**WHAT IS REQUIRED:** Once the pictures are set aside, reproduce the remaining data exactly.

**DATASET EXCERPT:**
==============================

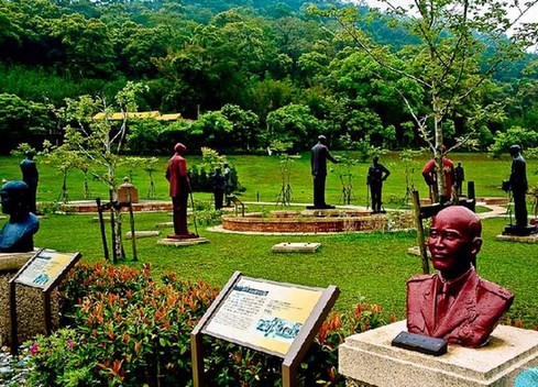 教授告訴我,這個(gè)雕像群落多達(dá)兩百余座蔣介石雕像,因上世紀(jì)90年代后期“去蔣化”運(yùn)動(dòng),各地矗立的銅像紛紛拆除,面臨回爐煉銅的命運(yùn)。慈湖所在的桃園縣當(dāng)時(shí)正值“藍(lán)營(yíng)”執(zhí)政,于是將各地拆除的銅像收來,選出其中藝術(shù)水準(zhǔn)較高者,建成雕塑群。
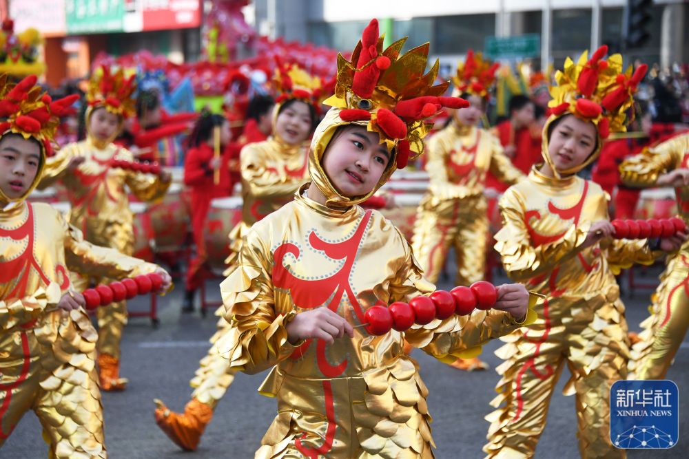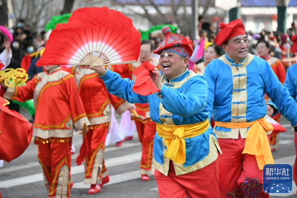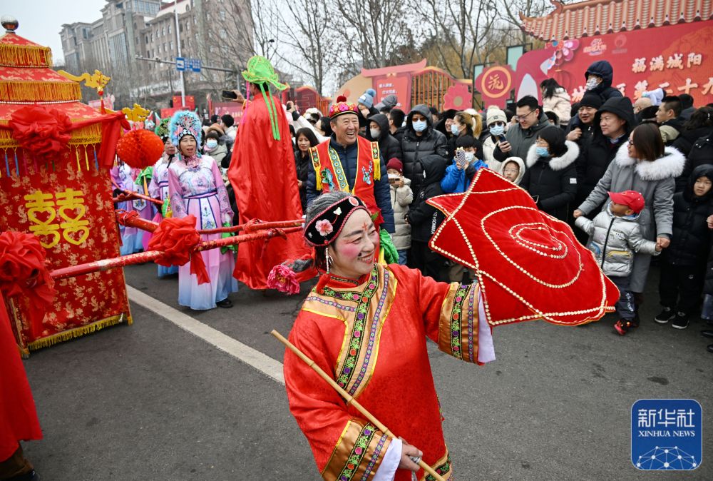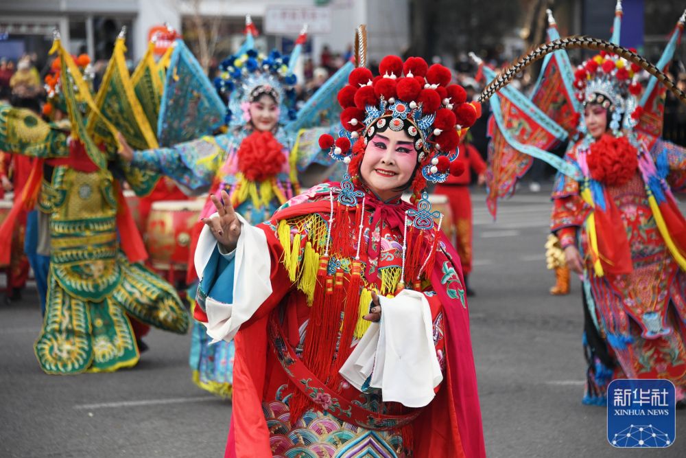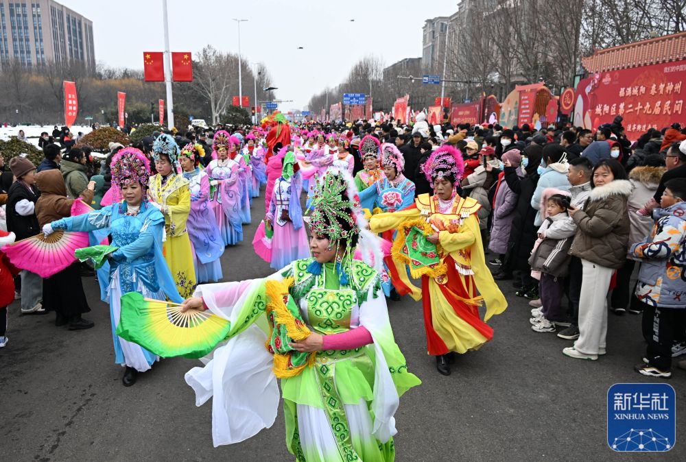 ↑2月24日,演员在山东青岛城阳第二十九届民间艺术节上巡游表演。新华社记者 李紫恒 摄
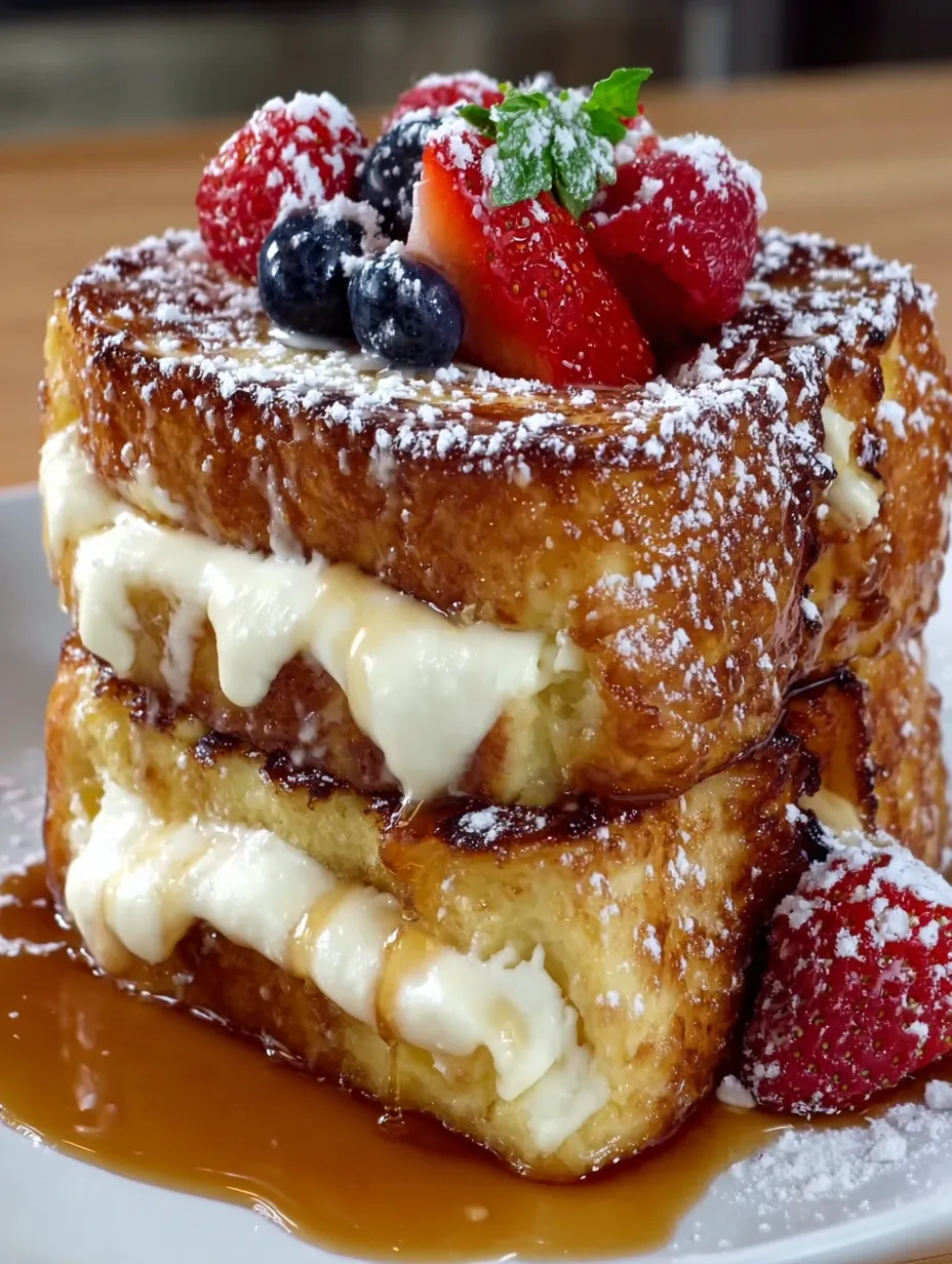 Stuffed Version: Slice rolls almost in half, stuff with cream cheese and strawberries before dipping in custard.
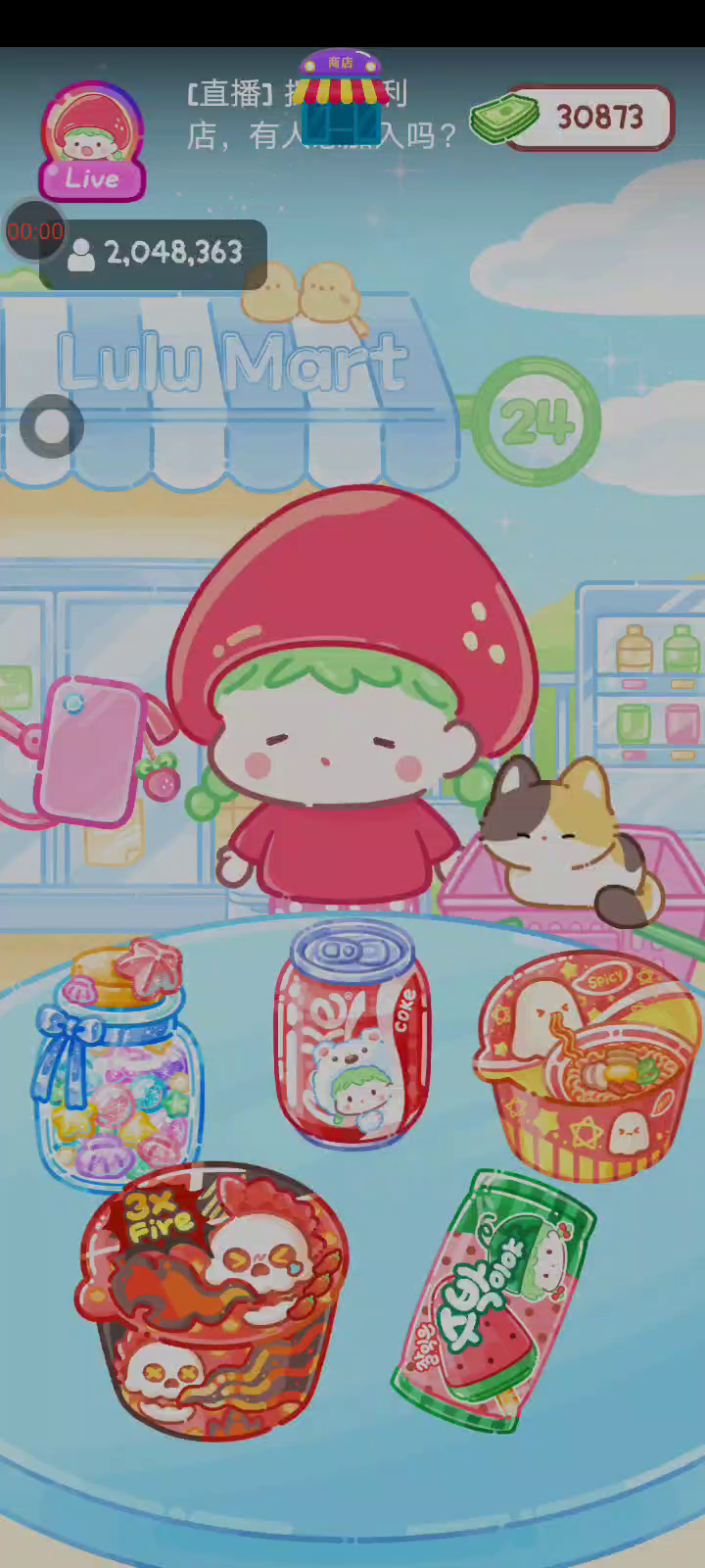 - 冰淇淋摊刚在迷你超市开张了! - 哇 - 高级冰淇淋?!观看广告可获得随机免费一球! - 五种口味?给我最好吃的一个! 制作自己专属的糖葫芦,挑战吃播ASMR吧! 「你进行草莓糖葫芦吃播的话,我就赞助100元。」 「脆口的声音太迷人了(°θ°)」 由于客人都被最近新开的许多糖葫芦店家抢走,曾经号称糖葫芦达人的父母因此卧病在床。 继承父母店面的主角露露开始糖葫芦吃播来宣传店面。 直到成为真正的糖葫芦达人那一天! 「今天我也要开始糖葫芦直播罗!( •o• )」 [串材料] 只有新鲜的水果的话,很难以一名吃播实况主存活下来。还要有松饼、地球软糖、青阳辣椒!利用奇特的材料制作糖葫芦吧。 [裹糖衣] 将材料串满竹签的话,就放进锅子搅动吧。唯有利用达人的秘法,才能裹出又薄又脆的糖衣。 [即时吃播] 咔哒咔哒!今天的吃播也大成功。热烈的聊天内容看起来反应也不错。看来得利用完成观众任务得到的赞助金来买新材料了! 来,准备好了吧?现在就马上挑战成为糖葫芦达人吧!

==============================

**EXPECTED OUTPUT:**
 教授告訴我,這個(gè)雕像群落多達(dá)兩百余座蔣介石雕像,因上世紀(jì)90年代后期“去蔣化”運(yùn)動(dòng),各地矗立的銅像紛紛拆除,面臨回爐煉銅的命運(yùn)。慈湖所在的桃園縣當(dāng)時(shí)正值“藍(lán)營(yíng)”執(zhí)政,于是將各地拆除的銅像收來,選出其中藝術(shù)水準(zhǔn)較高者,建成雕塑群。
 ↑2月24日,演员在山东青岛城阳第二十九届民间艺术节上巡游表演。新华社记者 李紫恒 摄
 Stuffed Version: Slice rolls almost in half, stuff with cream cheese and strawberries before dipping in custard.
 - 冰淇淋摊刚在迷你超市开张了! - 哇 - 高级冰淇淋?!观看广告可获得随机免费一球! - 五种口味?给我最好吃的一个! 制作自己专属的糖葫芦,挑战吃播ASMR吧! 「你进行草莓糖葫芦吃播的话,我就赞助100元。」 「脆口的声音太迷人了(°θ°)」 由于客人都被最近新开的许多糖葫芦店家抢走,曾经号称糖葫芦达人的父母因此卧病在床。 继承父母店面的主角露露开始糖葫芦吃播来宣传店面。 直到成为真正的糖葫芦达人那一天! 「今天我也要开始糖葫芦直播罗!( •o• )」 [串材料] 只有新鲜的水果的话,很难以一名吃播实况主存活下来。还要有松饼、地球软糖、青阳辣椒!利用奇特的材料制作糖葫芦吧。 [裹糖衣] 将材料串满竹签的话,就放进锅子搅动吧。唯有利用达人的秘法,才能裹出又薄又脆的糖衣。 [即时吃播] 咔哒咔哒!今天的吃播也大成功。热烈的聊天内容看起来反应也不错。看来得利用完成观众任务得到的赞助金来买新材料了! 来,准备好了吧?现在就马上挑战成为糖葫芦达人吧!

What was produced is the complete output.